# Relocation (work) to Catalunya with young family



## UK2Barcelona (Jan 29, 2014)

Hi. New members here 

My wife has been told they would like her to relocate to Catalunya from the UK in a few months, and are currently working out a relocation package. So this is all a bit new to us. Theres also a baby in the mix (1 yr old). So we're panicking a little trying to get some basic knowledge ready for the impending package meeting next week. We just need to be confident in what theyre saying is best, and what we think they should be saying.:fingerscrossed:

So we'd be really greatful for any assistance to help us sift through the mountain of info about what is true or not as we go through it. A few really simple yays or nays & layman facts would be very helpful. Ive tried googling but Im going crosseyed trying to sift out the facts inbetween battling a 1 yr old from trying to choke the dog. We dont think there's any provision to return to the UK if it goes t*ts up. So its important to get clued up correctly to make the right decision.

The basics. 
She is working (large int company with some offices in Spain). Im currently the house hubby. We have a 1 yr old and a dog. She earns £59k here. And while looking after the baby full time I earn a very small income (until the interest rates go back up!) from some rented out UK property. We'll rent initially there and Let out our house in the UK.

The concerns.
Too many to get answered in this post I think! Tax, Health, Education, Pension, will it be a new contract and therefore will she lose all her years spent with the company should there be any redundancies etc etc etc. Many of which Im hopeful will be answered by them at the meeting. 
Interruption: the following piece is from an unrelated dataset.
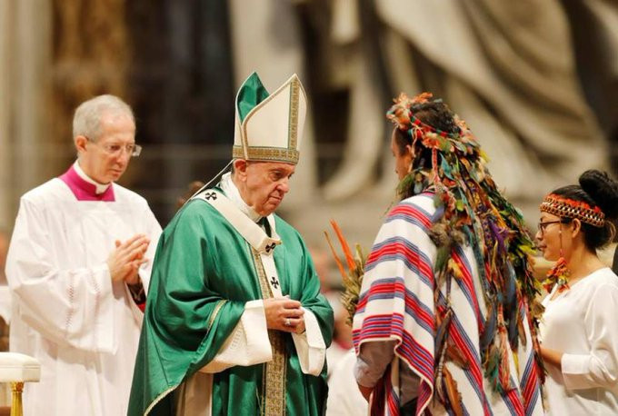 Ena izmed stvari, ki so dvignile prah, je tudi to, da so staroselci prinesli svoje kipe, ki predstavljajo mati naravo, v baziliko svetega Petra v Rimu.

So we were going to see what was said next week, then decide. But we were a little worried by an email that came yesterday regarding the relocation meeting. It said something along the lines of "Due to the tax savings (in my wifes salary) We (the company) should be able to go ahead with the relocation despite reaching our budget cap for this year." Which basically sounds like they have no money left and shes going to be told there will be minimum financial assistance because shes going to be earning more when there. Obviously we dont want to be worse off in either finances or healthcare. So we thought we'd try and get a basic list of things to know.
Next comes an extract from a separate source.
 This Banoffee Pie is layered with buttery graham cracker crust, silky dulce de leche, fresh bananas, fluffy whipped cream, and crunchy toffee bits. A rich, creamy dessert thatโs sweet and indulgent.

So firstly. Any thoughts on her being taxed as a "Non Resident" Is the Royal Decree (Beckham tax ) that they are dangling to ease (fund) her move still valid. As some of the info online is a bit ropey. And is it worth it? When you take into account the initial tax free amount here follwed by an average of the staggered tax she pays currently, it cant that far off the beckham flat rate & their no initial tax free amount. Unless Im doing it wrong? lol. Is there a calculation we can do to give us a definitive answer as to what gets taken out and whats shes left with so we can compare?

Obv Im not eligible. And I think Im right that property rental income from the UK can only be taxed by the country its in. So what happens to me? Ive tried to make sense of the Married Tax relief, but its left me a bit confused. Do partners of non resi tax get bolted on somewhere? 

As a house hubby (not paying in to Spanish system) of a non resi taxer. Am I right in saying I get no provision for healthcare? (and does she?) I have hyper tension and a kidney stone to contend with!  

I think thats enough of an Essay to start with!

Any and all advice very greatfully received! Anything we can take to the meeting to fight to get into the relocation package over what were losing here is a bonus.

Many thanks.

M


----------



## emeraldalp (Jan 29, 2014)

*Catalunya*

Well all I can say is you are lucky.
I have a summer house in Pals and from my experience on everthing you will love the area.


----------



## elisa31bcn (Jan 23, 2013)

The only thing i can comment on is that if your wife is here under contract, paying into the Spanish system, then you are eligible for health care as her dependant.


----------



## UK2Barcelona (Jan 29, 2014)

elisa31bcn said:


> The only thing i can comment on is that if your wife is here under contract, paying into the Spanish system, then you are eligible for health care as her dependant.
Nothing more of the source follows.